So that was interesting at the time. So what what do you do in a pen test typically, you know, I, I would always say define what threat you’re talking about right. What is the perceived threat. Are you talking about the PLA or the Russians or script kiddies. And we’ll kind of scope it accordingly. We’re going to conduct some kind of reconnaissance footprinting.
We’re going to go find out what’s out there. Now, a lot of this stuff in 2025, I would say you just give it to us like we’re going to get it anyway. So just give it to us instead of, you know, an outside attacker with no knowledge. I’m an outside attacker with some knowledge because it makes it cheaper, I should say less expensive.
Some scanning manual testing, particularly in the app world. I mentioned the DARPA test. We also did a tremendous amount of testing for one of the major cloud providers. And you know what the test coverage was for automated tools for their environment? Almost zero. So like what we did for every test was the first two days were whiteboarding and then threat modeling to find out where surface area even existed before we ran anything.
So. So the more sophisticated, unique you have environments, the more likely you’re going to have to spend more time thinking than scanning. If that makes sense, then exploitation that’s fallen out of vogue, by the way. You know, now, I assume if I got have a higher critical, I assume that I could get in in the early days, we’d have to prove that we got in by putting an image or something on somebody’s web servers.
And in our case, at Trident Data Systems. It was a Barney image. We had a, you know, a tilde Barney dot jpeg. We put on everybody’s root directory in their web server just to prove that we could do it. Now, the chance of disruption like that’s less in vogue. And then reporting and remediation. And one of the trends now is less reporting.
You know I don’t need to think report anymore. I really need the quick and dirty, done. So we’re looking for coding flaws that, that look like that injection flaws, cross-site scripting. Misconfigurations. The one thing that I will say over again, the last ten years is the most egregious. The top ten scariest vulnerabilities we found were not misconfigurations or even coding flaws.
They weren’t SQL injections. They were the crazy architectural flaws where somebody trust an input.
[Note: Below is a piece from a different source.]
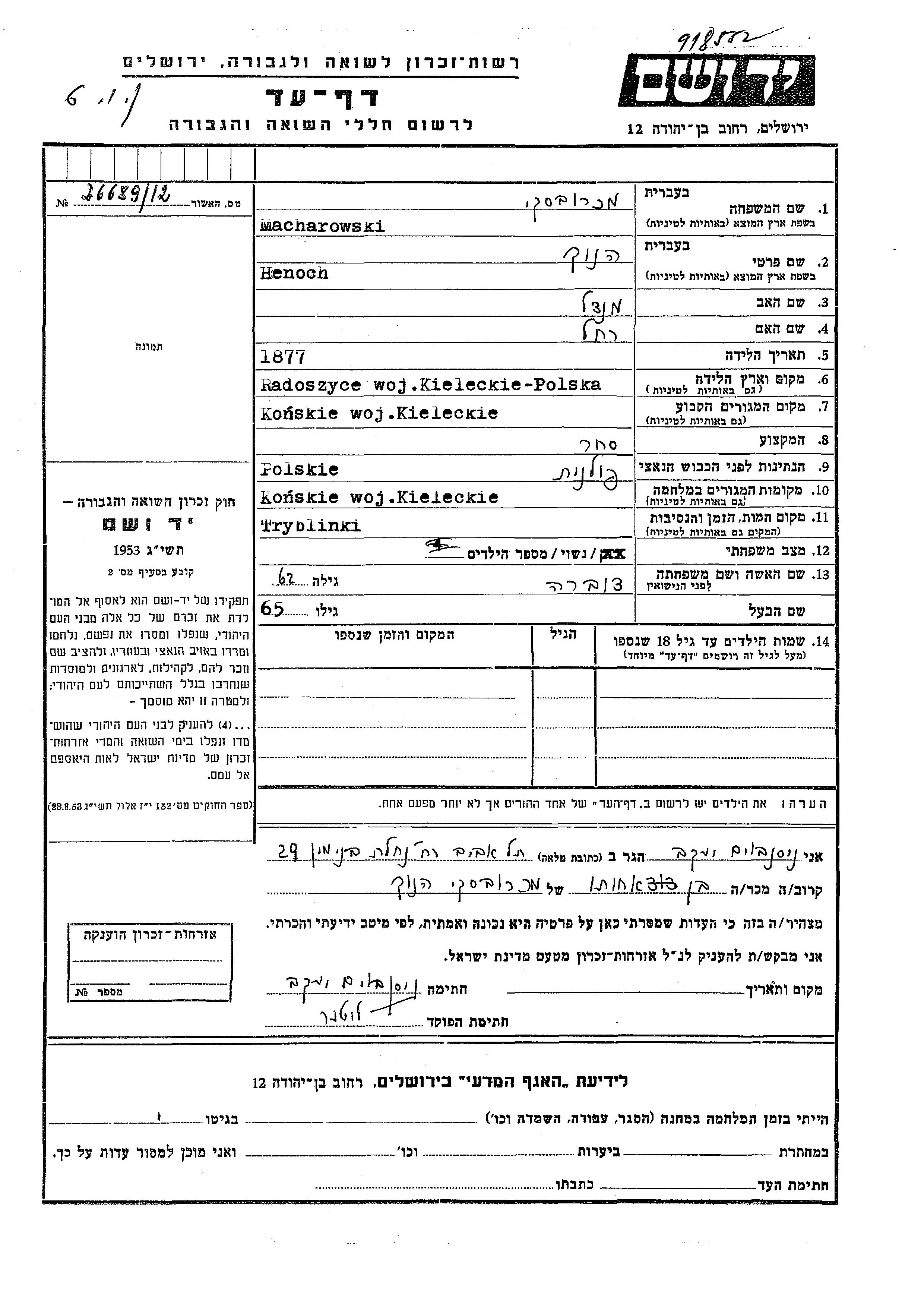 Henoch Macharowski wurde im Jahr 1877 in Radoszyce, Polen geboren. Er war der Sohn von Mendel und Rakhel. Er war Kaufmann/-frau und mit Dobra Verheiratet. Vor dem Zweiten Weltkrieg lebte er in Konskie, Polen. Während des Krieges war er in Konskie, Polen.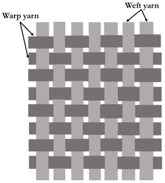 Presently, computer-aided designing techniques, in conjunction with finite element modelling principles, have developed novel directions for traditional weaving [], which include smart integrations for electronics, reinforcements, medical applications, 3D contour weaving in 2D platforms, and multi-axial weaving. In woven composites, warp yarns are the lengthwise ones that are held in tension on a frame or loom, while the weft yarns are drawn through and inserted over and under the warp yarns [], as illustrated for a plain weave fabric in Figure 1.

Our trust in API input or, you know, you can traverse client data because of the way you implemented off on the server. So a lot of this stuff is again looking at it Misconfigurations mistakes. Oh, we open up a TCP port. We forgot to close it out or we wrote code wrong way.
But the real scary ones are the architectural ones. The ones that you won’t get with any automation. Hints. Back to the manual testing. And there’s a theme here. And the good news is, if you do it over, you can rinse and repeat and do it continue. So there are some strengths to penetration testing obviously. Right. I mean you can find stuff before the bad guys do.
That’s the general thought here. Right. And once you define and get that protocol down and figure out, okay, this is what I mean. This is what you mean, then you can do it over and over and over. In theory, and I’ve seen certain larger clients, they’ll have a, an established group of companies that they trust and have vetted to do testing.
So they’ll move them. It’s usually the same suspects. I won’t name names. And you’ll see sometimes from a supply chain standpoint, say, oh, we’re going to do work together. I’m going to use my trusted vendor to do a pen test of your environment. So the trust mechanism is the is the vetted vendor or the vendor collection. So and once you do this, you still get different shades and different variations because it’s human beings plus automation.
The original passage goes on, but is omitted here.